Untuk semua kebaikanku memberi hadiah mayat-mayat laron selama menjadi tetangga baiknya - sore lalu Truna   memberiku sebuah batu yang diambil dari sungai tempat kami  bermain bersama teman-teman, “Jika kau merasa mabuk nanti, pegang erat-erat batu ini. Aku telah membuktikan kemujarabannya sewaktu pergi ke Jakarta.” Ia menyerahkannya padaku seperti upacara sakral pelimpahan benda pusaka.  Konon, katanya ia suka mabuk juga di perjalanan sepertiku, dan batu ini seperti jimat baginya. Aku menerimanya sambil tertawa. Mungkin Truna sudah agak sedikit gila, mana ada batu yang bisa menyembuhkan mabuk. Demi menjaga perasaannya, aku menerimanya walaupun sambil tertawa terbahak.

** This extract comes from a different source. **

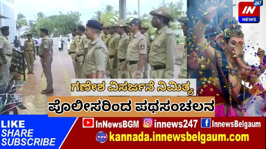 ಗಣೇಶ ವಿಸರ್ಜನೆ ಹಿನ್ನೆಲೆಯಲ್ಲಿ ಕುಡಚಿ ಪಟ್ಟಣದ ಪ್ರಮುಖ ಬೀದಿಗಳಲ್ಲಿ ಕರ್ನಾಟಕ ಪೊಲೀಸ್ ಹಾಗೂ ಮೀಸಲು ಪಡೆಯಿಂದ ಪಥಸಂಚಲನ ನಡೆಸಿದರು.
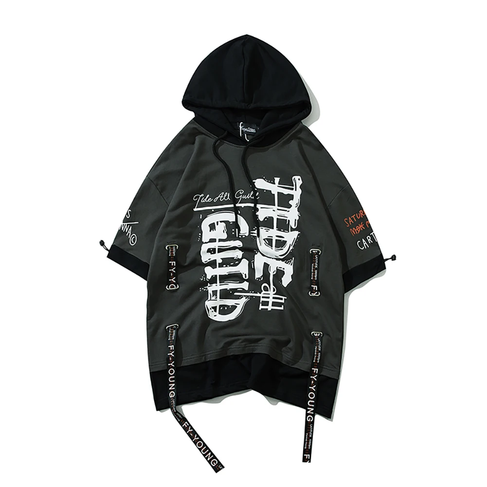 Мужская футболка в стиле хип-хоп, Модная хлопковая футболка в уличном стиле с обманкой из ленты и капюшоном

            Sebenarnya, keluarga Truna ingin mengantar kami ke Cianjur, karena mereka memiliki mobil minibus tua. Truna  begitu bersemangat ketika kukatakan nanti kami akan melewati jembatan Rajamandala. Entahlah, anak itu adalah anak yang aneh, ia selalu mengagumi dan terpukau pada sungai dan jembatan.  Untuk tawaran itu,  Ibu menolaknya dengan halus karena tak ingin merepotkan. Lebih dari itu, ia ingin mengajari anaknya kehidupan. Ibu bilang, kehidupan di angkutan umum itu adalah realitas  di mana anaknya perlu membuka mata, ia ingin melatih anaknya ketegaran dan daya juang. Ketika Ibu berkata kepada suami-istri  pendidik itu,  mereka menatap Ibu dengan haru.

            Sekarang, kubiarkan laron-laron itu bergeletakan di lantai. Sesekali, aku melihat bagaimana tubuh-tubuh itu  melemah,  melayang-layang, terkulai – lalu  jatuh di lantai. Sayap-sayapnya patah. Laron-laron itu, seperti  peri hutan yang dikhianati kekasihnya – kedua sayapnya dipotong untuk dipersembahkan kepada raja. Peri hutan lalu berjalan terseok-seok kehilangan harapan dan menembus kegelapan. Laron-laron tanpa sayap  itu berjalan  di hadapanku tak tentu arah, dan  bersiap-siap menyambut  kematian.

            Aku mendengar Ibu terisak di sudut kamar.  Seperti isak tangis peri  yang terluka.  Aku selalu mendengarnya seusai menyelesaikan sujud terakhir dalam shalatnya, terutama di lima bulan terkahir ini.   Sajadah biru yang terbentang bekas Ibu bersujud selalu basah. Namun setelah menyelesaikan sujud panjangnya – ketika Ibu keluar dari kamarnya, raut wajah Ibu semakin  terlihat sabar dan tabah.

            Aku anak yatim. Ayah meninggal lima bulan lalu karena sakit, dalam usia yang masih muda, 40 tahun. Ibu menjadi janda dalam usia muda, 35 tahun dan hanya menjadi ibu rumah tangga.   Tuhan telah menerapkan dalil kepada kami, untuk menempuh titah-Nya dalam untaian-untaian rencana-Nya. Kami tak bisa mengelak takdir, dan Ayah tak bisa menunda kematiannya – menungguku  hingga dewasa.  Atau, menunggu sampai Ayah tua dan terbungkuk.

            Dulu,  Ibu dan Ayah sering menatap takjub dengan dua pasang mata mereka – ketika ada kakek dan nenek saling menggenggam erat jemari di jalan, dan saling bertatapan mesra,
            “Seperti itu nanti kita, sayang..” kata Ayah sambil merengkuh pundak Ibu, sesaat kemudian membelai rambut Ibu, dan disandarkan ke pundaknya.  Ibu hanya tersenyum. Ibu memang perempuan yang tidak banyak bicara. Sementara Ayah adalah pria yang sungguh romantis. Mungkin karena ia lahir dari keluarga seniman Sunda – kakekku adalah seorang pemain calung yang piawai mengarang lagu Sunda, tetapi terjebak menjadi seorang pengrajin tempe dan oncom karena desakan kebutuhan untuk bertahan hidup.    Tetapi, Ayah tak pernah mampu melawan keinginan Tuhan untuk memanggilnya pulang.  Dan ‘nanti’  itu tidak pernah terjadi…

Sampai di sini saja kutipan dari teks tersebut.